**** INFORMATION SHOWN
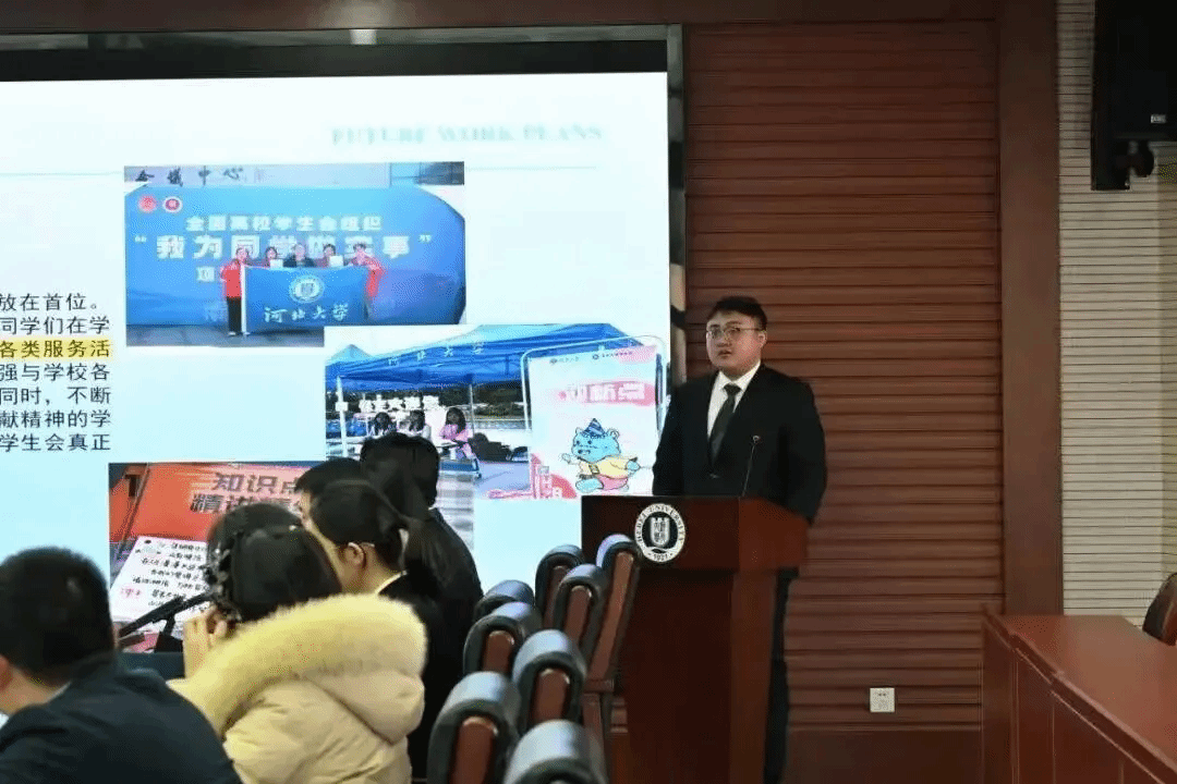 谈起学生工作,他始终享受与并肩作战的伙伴们为同学做实事的时光。“贴近同学生活,回应同学需求,解决同学难题”是他的工作方向。在学生会工作中,他与伙伴们共同打造“河马电台”“坤舆青年说”等线上思想引领品牌活动,发掘校园中的河大榜样,用镜头和文字讲述新时代青年的奋进故事;聚焦服务同学的成长需要和全面发展,他策划举办河大版“大众点评”、就业引航宣讲会、考研送温暖等一系列校园活动,解决同学的急难愁盼。在一次次为同学办实事、解难题的过程中,他真切感受着学生工作的价值与意义,也让为同学服务的初心愈发坚定。
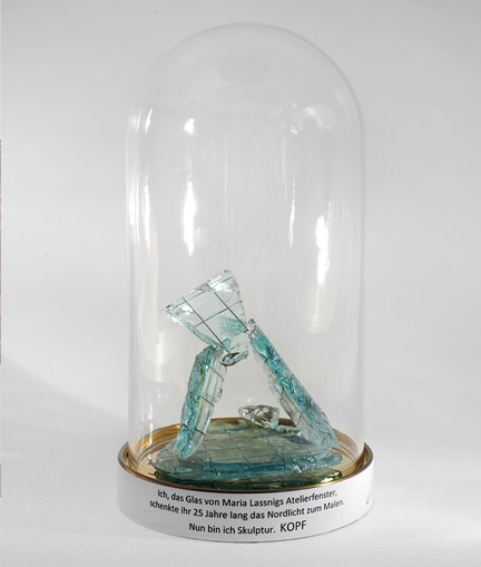 Glasskulpturen, die Lassnigs Bildtitel aufgreifen.
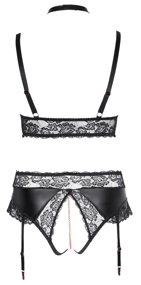 Miękki biustonosz i figi ouvert Cottelli CURVES w połączeniu matowego wyglądu z miękką, elastyczną koronką i elementami w kolorze różowego złota. Biustonosz wyróżnia się łańcuszkami do dekoltu, które można odpinać od ramiączka (zapięcie na rzep) i od biustonosza. Majtki są ponętnie otwarte w kroku aż do samej pupy i posiadają stymulujący łańcuszek w kroku. Regulowane szelki są wyjmowane z majtek.
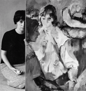 Al terminar la pintura se sentó frente a su mesa de madera: mesa de artista, colmada de bitácoras, lápices, carboncillos y papeles. Apoyó con firmeza los codos, dejando que asomaran las manos entre las mangas de su bata blanca, endurecida por las capas de óleo que se habían acumulado a lo largo de los años: una costra hecha de tiempo y disciplina. Era la misma bata que escogía para entrevistas y sesiones de fotos, como una forma de declarar —sin palabras— su oficio de pintora.
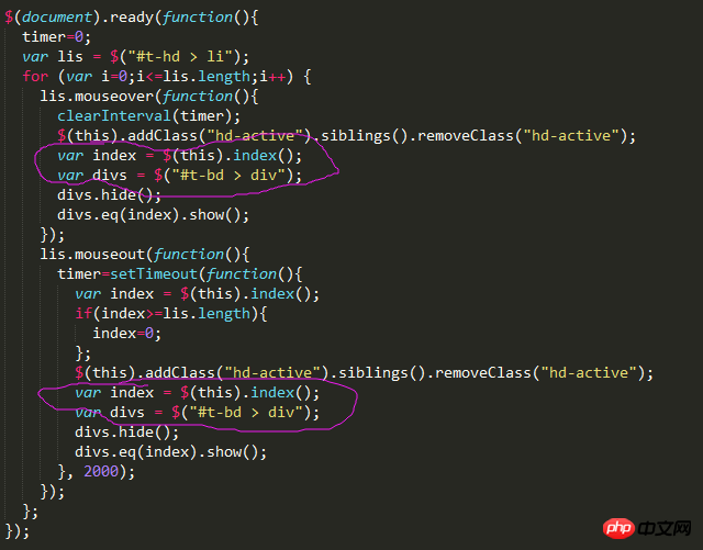 然后画圈的两个,为什么只能写在mouseover 跟 mouseout里面?写在外面会没有效果?
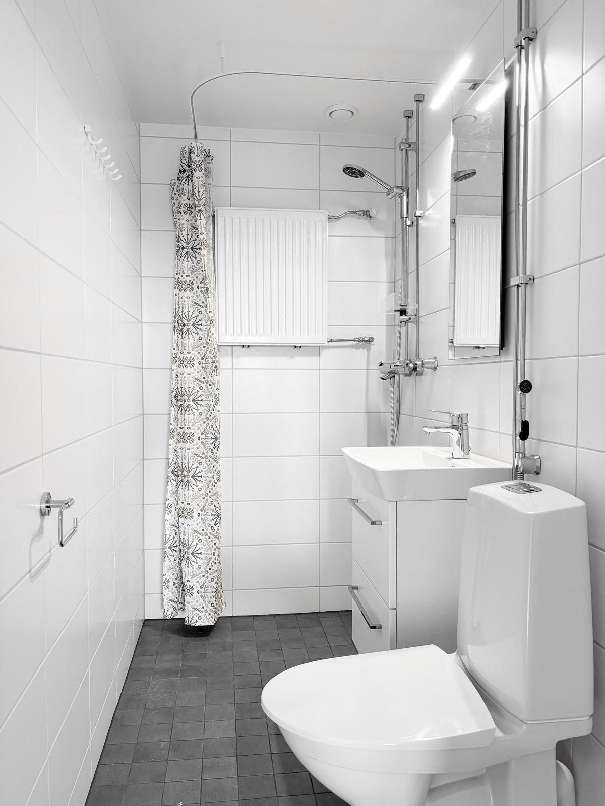 - Kylpyhuone, suihku, peilit, allaskaappi, pesukoneliitäntä, kiinteät valaisimet.
********
** WHAT YOU NEED TO DO **
Reproduce the data above word for word from its first line through the line that holds "Glasskulpturen, die Lassnigs", both ends included; skip pictures.

** FINISHED EXERCISE **
 谈起学生工作,他始终享受与并肩作战的伙伴们为同学做实事的时光。“贴近同学生活,回应同学需求,解决同学难题”是他的工作方向。在学生会工作中,他与伙伴们共同打造“河马电台”“坤舆青年说”等线上思想引领品牌活动,发掘校园中的河大榜样,用镜头和文字讲述新时代青年的奋进故事;聚焦服务同学的成长需要和全面发展,他策划举办河大版“大众点评”、就业引航宣讲会、考研送温暖等一系列校园活动,解决同学的急难愁盼。在一次次为同学办实事、解难题的过程中,他真切感受着学生工作的价值与意义,也让为同学服务的初心愈发坚定。
 Glasskulpturen, die Lassnigs Bildtitel aufgreifen.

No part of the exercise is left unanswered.